Most Machine Learning applications involve these steps:
- Collect data and define the appropriate ML task for your application.
- Explore the data to see if it exhibits any fundamental problems.
- Preprocess the data into a format suitable for ML modeling.
- Train a straightforward ML model that is expected to perform reasonably.
- Investigate shortcomings of the model and the dataset.
- Improve the dataset to address its shortcomings.
- Improve the model (architecture search, regularization, hyperparameter tuning, ensembling different models).
- Deploy model and monitor subsequent data for new issues.
This lecture will focus on step 5, the foundation for improving ML performance. Topics covered include:
- Evaluation of ML models (a prerequisite for improving them).
- Handling poor model performance for some particular subpopulation.
- Measuring the influence of individual datapoints on the model.

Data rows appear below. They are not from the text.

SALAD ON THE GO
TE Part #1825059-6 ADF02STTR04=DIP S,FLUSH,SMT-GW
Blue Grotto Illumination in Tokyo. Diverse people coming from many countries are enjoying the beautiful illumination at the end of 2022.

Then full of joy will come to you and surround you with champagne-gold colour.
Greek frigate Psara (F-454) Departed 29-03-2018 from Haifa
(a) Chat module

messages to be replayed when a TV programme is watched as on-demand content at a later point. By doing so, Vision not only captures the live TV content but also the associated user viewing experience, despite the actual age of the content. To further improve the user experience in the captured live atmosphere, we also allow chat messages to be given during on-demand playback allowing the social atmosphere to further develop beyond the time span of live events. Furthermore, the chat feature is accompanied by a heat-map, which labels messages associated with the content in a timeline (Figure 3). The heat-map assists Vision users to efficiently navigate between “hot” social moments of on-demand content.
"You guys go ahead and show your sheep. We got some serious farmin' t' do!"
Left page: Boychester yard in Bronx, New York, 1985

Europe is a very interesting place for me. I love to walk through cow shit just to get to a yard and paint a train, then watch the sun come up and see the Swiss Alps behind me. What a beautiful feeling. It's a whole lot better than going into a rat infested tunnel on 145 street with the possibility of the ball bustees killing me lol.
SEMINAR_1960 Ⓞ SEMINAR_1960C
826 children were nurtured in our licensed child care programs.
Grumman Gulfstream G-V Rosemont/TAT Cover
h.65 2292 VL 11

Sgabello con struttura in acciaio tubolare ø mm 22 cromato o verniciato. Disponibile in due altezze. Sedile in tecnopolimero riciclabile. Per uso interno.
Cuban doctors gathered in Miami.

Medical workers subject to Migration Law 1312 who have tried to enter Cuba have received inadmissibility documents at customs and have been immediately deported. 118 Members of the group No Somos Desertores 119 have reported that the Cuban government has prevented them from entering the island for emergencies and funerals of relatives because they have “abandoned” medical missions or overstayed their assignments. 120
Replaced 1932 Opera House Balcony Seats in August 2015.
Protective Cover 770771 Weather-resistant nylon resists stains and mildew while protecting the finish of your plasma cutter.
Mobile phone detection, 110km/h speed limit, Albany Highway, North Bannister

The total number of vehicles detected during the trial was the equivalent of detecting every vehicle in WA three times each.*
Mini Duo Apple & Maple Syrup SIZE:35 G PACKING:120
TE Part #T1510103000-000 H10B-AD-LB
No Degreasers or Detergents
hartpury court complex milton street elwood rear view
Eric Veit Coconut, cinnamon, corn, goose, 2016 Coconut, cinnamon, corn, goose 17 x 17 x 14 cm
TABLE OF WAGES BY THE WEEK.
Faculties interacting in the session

A Recap of Multi-class Classification
Here we focus on classification tasks, although the same ideas presented in this lecture are applicable to other supervised learning tasks as well. Let’s quickly recap the standard classification setting with $K$ classes [R08, HTF17].

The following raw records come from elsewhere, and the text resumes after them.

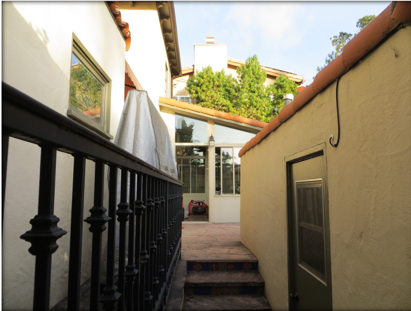
Patio enclosure at rear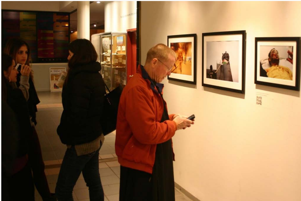
A visitor to “From These Streets” enters the URL to listen to an audio caption on the night of the opening, Nov. 6, 2013.

According to Ariella Azoulay’s analysis in The Civil Contract of Photography , an important set of connections is formed simply by viewing a photograph. Her concept of a “civil contract” within photographic practice “is an attempt to anchor spectatorship in civic duty toward the photographed persons.” [1] She explains the distinctiveness of this relation, thusly: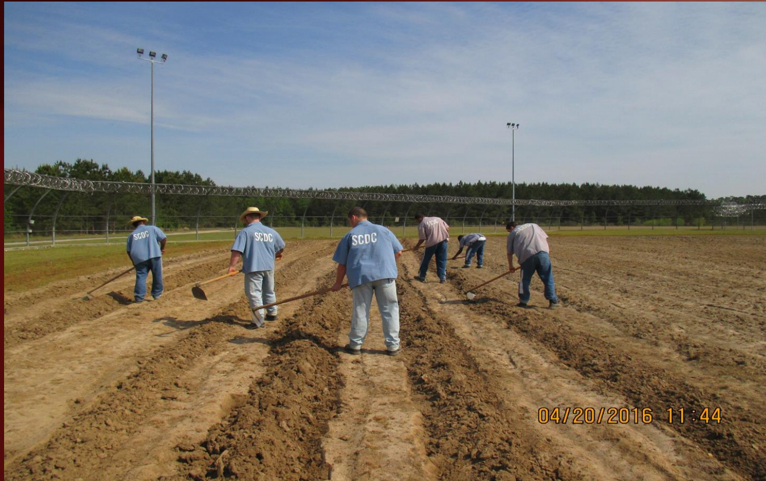
Rotaract Club members working in the community garden located on the prison yard.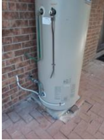
Hot water heater Overflow to the main house and the granny flat a dripping water to external walls this can attract termite activity due to moisture buildup recommend plumbing into drain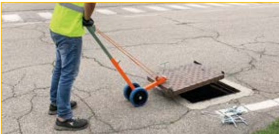
Use 3: combination APS80 with mechanical clamp and hooks set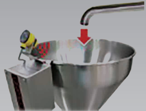
Optional Photo Sensor monitors product level in the hopper and controls the pump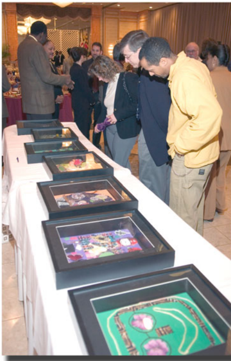
Attendees viewed ALP graduates artistic expression of leadership

The 24-month ALP program provides educational, action learning, mentoring and coaching experiences that will help selected individuals develop competencies and skills more rapidly than they might otherwise develop without participation in ALP.

In classification, we have a training dataset $\mathcal{D}$ with $n$ examples: $(x_i, y_i) \sim P_{XY}$ sampled from some underlying distribution (a.k.a. population) over features $X$ and class labels $Y$. Here $y_i \in \{1, 2, \dots, K\}$ denotes the class label of the $i$th example (one of $K$ possible classes) and $x_i$ are some feature measurements used to represent the $i$th example (e.g. pixel intensities of an image).
Goal: Use $\mathcal{D}$ to train a model $M$, which given an example with new feature values $x$, produces a vector of predicted class probabilities $M(x) = [p_1,\dots, p_K]$ whose $k$th entry approximates $P(Y = k \mid X = x)$.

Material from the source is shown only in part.